The virtual modeling of production processes is becoming increasingly important. This also applies to mass finishing processes, which are used as surface finishing processes to improve the tribological properties of components. Unlike conventional FEM or CFD methods, DEM uses independent particles that can move freely and separate from each other. At each time step, the interaction of each particle with potential neighboring particles and boundary walls is calculated. Each movement is accurately recorded based on factors such as stiffness and velocity of movement. This simulation method can take complex particle shapes into account as well as simple spherical shapes. 

Stream finishing process of OTEC

OTEC Precision Finishing Solutions GmbH has further developed immersed tumbling to include stream finishing (SF). Stream finishing technology involves workpieces that are clamped in a holder and lowered into a rotating container filled with a grinding or polishing medium. In addition to this rotating container, the workpiece itself also rotates independently around its own axis, which increases the finishing possibilities.

The immersion depth and the immersion angle serve as central parameters of the finishing process. Using further process parameters, the movement of the abrasive particles can be flexibly adapted to the requirements of the respective workpieces. The friction energy is generated by the pressure and the movement of the granulate relative to the workpiece. This energy input during stream finishing is beneficial for surface conditioning and enables a microstructure change induced by shear stress.

Meaningful load cases for DEM validation 

Parameter calibration is necessary to ensure correct particle behavior. Determining the static and dynamic angle of repose are established methods to calibrate DEM model parameters such as dynamic and static friction coefficients. However, test cases specific to mass finishing should be used that have contact pressure and similar relative velocity as the target application. In this case, the attacking torque on the workpiece was validated for various container velocities and workpiece positions.

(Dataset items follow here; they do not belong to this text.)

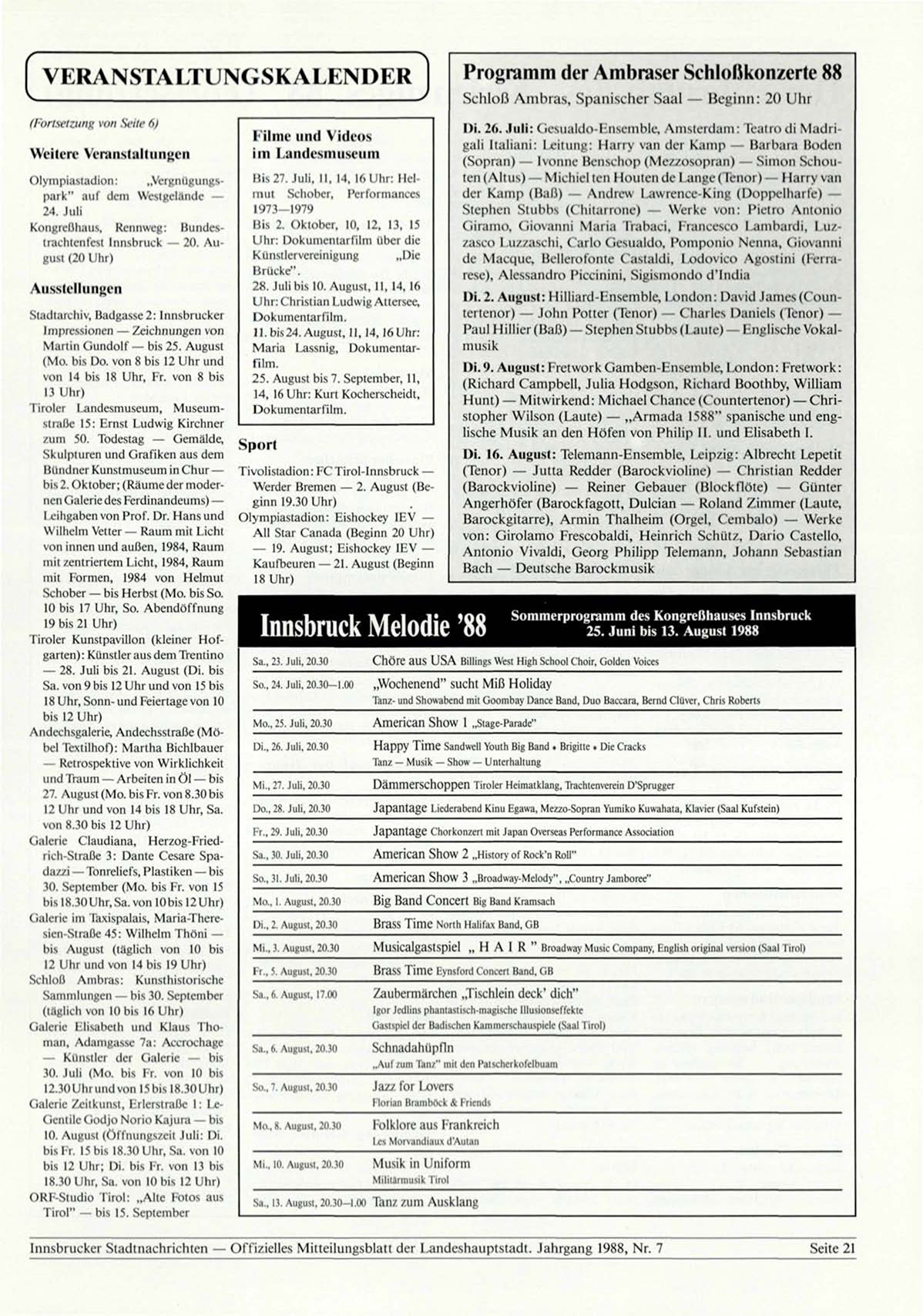 Innsbrucker Stadtnachrichten — Offizielles Mitteilungsblatt der Landeshauptstadt. Jahrgang 1988, Nr. 7
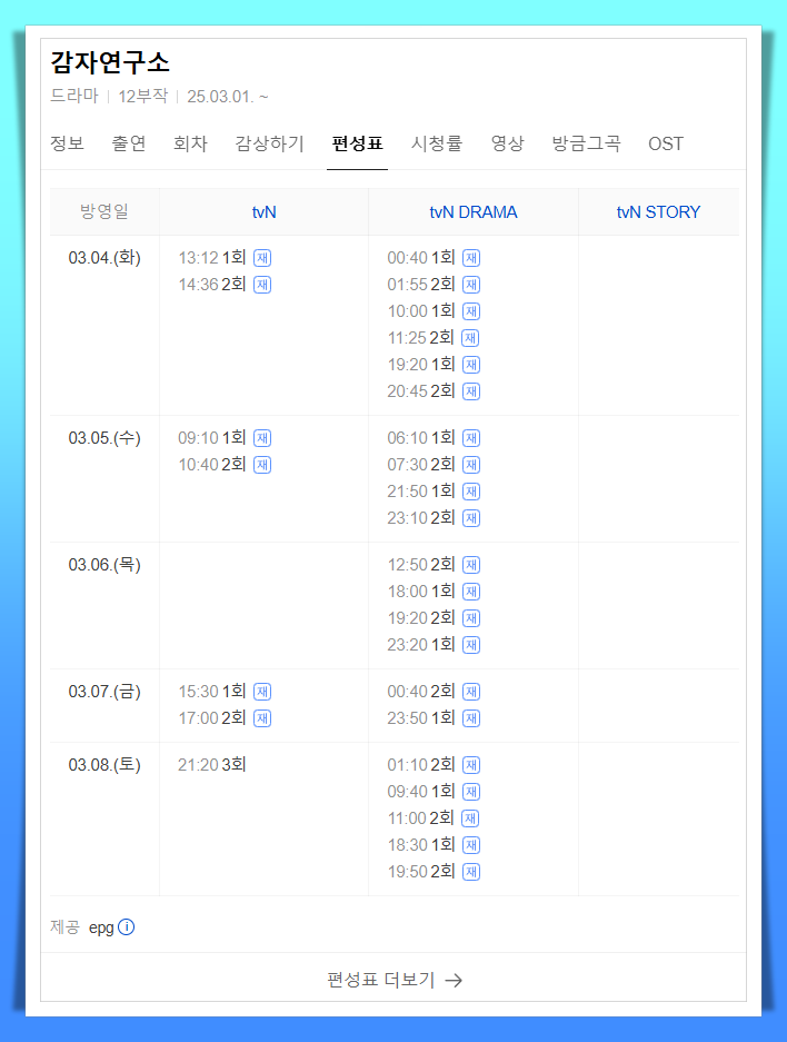 기타 편성 정보는 tv 편성표에서 확인하고 재방송으로 시청할 수 있습니다.
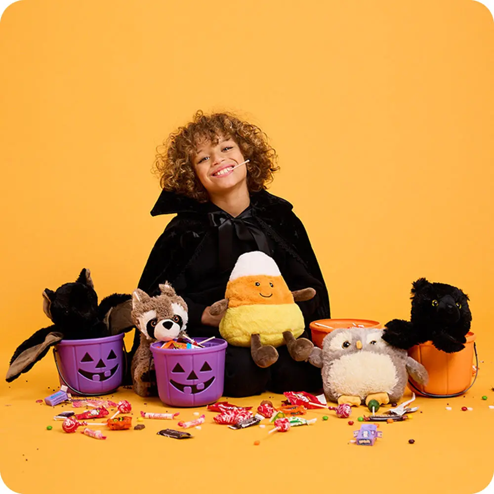 Sweeten up your self-care with Candy Corn Warmies. Shaped like the classic Halloween treat, this adorable plush warms in the microwave for soothing relief, is gently weighted to ease stress, and lavender-scented for calm.

A good agreement with a relative error of about 10 percent could be achieved.

60 percent improvement in bending fatigue strength 

Together with the Stellantis Research Center in Turin, the introduction of residual compressive stress in a stream finish processed gear was examined. A process, which was initially not suitable, was successfully optimized in order to achieve higher residual compressive stress. An improvement in the bending fatigue strength of 60 percent was achieved.

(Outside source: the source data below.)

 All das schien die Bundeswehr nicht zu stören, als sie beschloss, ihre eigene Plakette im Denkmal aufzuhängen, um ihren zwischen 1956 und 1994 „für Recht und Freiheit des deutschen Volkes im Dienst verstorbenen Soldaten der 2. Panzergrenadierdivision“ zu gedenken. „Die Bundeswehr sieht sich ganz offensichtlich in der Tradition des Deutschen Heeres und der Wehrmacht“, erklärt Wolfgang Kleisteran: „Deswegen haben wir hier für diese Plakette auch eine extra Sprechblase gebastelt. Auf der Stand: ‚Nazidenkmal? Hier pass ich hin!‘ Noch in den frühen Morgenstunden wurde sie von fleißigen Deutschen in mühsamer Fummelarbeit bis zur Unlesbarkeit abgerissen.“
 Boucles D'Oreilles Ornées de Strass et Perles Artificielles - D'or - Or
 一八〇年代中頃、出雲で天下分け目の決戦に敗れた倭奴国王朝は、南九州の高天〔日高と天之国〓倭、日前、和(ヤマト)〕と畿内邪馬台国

Helical gears can exhibit an effective pumping effect of the granules through the rotation of the workpiece holder. The interaction between the workpiece and the moving granules introduces a high level of frictional energy. This also changes the microstructure, causing grain refinement to a nanocrystalline edge layer, which helps to reduce surface wear. 

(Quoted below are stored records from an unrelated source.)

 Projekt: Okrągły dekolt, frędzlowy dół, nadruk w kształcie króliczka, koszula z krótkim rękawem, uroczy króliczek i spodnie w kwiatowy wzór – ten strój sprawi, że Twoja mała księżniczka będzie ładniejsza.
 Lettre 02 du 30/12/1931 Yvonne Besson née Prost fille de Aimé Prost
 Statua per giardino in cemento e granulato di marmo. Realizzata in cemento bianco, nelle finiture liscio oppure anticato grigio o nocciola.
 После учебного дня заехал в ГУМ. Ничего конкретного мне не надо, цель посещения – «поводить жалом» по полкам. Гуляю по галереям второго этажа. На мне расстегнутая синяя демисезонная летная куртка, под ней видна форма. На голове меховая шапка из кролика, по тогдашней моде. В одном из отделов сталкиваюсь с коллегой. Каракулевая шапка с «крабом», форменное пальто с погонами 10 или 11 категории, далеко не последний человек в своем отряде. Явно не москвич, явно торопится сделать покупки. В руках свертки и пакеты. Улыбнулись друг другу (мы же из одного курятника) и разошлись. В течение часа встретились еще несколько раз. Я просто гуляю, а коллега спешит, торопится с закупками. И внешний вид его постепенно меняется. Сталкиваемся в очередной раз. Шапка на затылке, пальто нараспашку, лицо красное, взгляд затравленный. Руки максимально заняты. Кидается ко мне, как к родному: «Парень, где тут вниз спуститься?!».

Pumping effect at the gear wheel: particle movement trajectories within 0.03 s | © OTEC

The image of the simulation of the gear wheel – filled with the granules between the tooth flanks – illustrates the efficiency of the pumping effect. Due to the rotation of the gear wheel around the axis of the workpiece bracket, a high translational velocity of the particles is recorded. However, the particles clearly do not remain stationary in the tooth gaps. The trajectories of these specific particles for the subsequent 0.03 seconds of the simulation are sketched here. In this short time, the particles leave the spaces between the teeth, creating a relative velocity within the spaces.

Steady state for velocity is quickly reached

The simulation is carried out until a steady-state flow of the granulate filling in the container is achieved. The relative velocity that has been calculated is then compared with the product of normal stress and relative velocity (P x V). This product combination is useful for evaluating local process effectiveness. If one of these factors is zero, no processing is taking place at the corresponding point on the workpiece. The variables are averaged over a simulated process period of one second. This duration is considered sufficient since multiple tool rotations take place within this period.

The simulation was carried out over a total period of 2.5 seconds. A rapid adjustment to a stationary state is evident for the velocity component. By contrast, the pressure build-up is slower, due to the time required for the complete formation of the granulate wall.

Gear wheel and bracket immersed in seven million particles; section of the flow in front of the workpiece | © OTEC

To validate the simulation, the residual compressive stress on the gear wheels was compared with optimized and non-optimized finishing processes. A significant increase by a factor of 2.6 was observed directly at the surface for the optimized process.

With simulation, no experimental trial-and-error process is needed

Conclusion: The potential of Rocky DEM simulation as a tool for improving stream finishing technology has been demonstrated. By using DEM simulations, manufacturing processes can be optimized in a cost-effective manner. In the case of mass finishing described here, the operating parameters are optimized without the need for an experimental trial-and-error process. This means that individual customer requirements and geometries can be taken into account in an even more targeted way than before, and product quality can be improved overall. This advantage will continue to grow in the future with increasing computing power – and thus with accelerated simulations.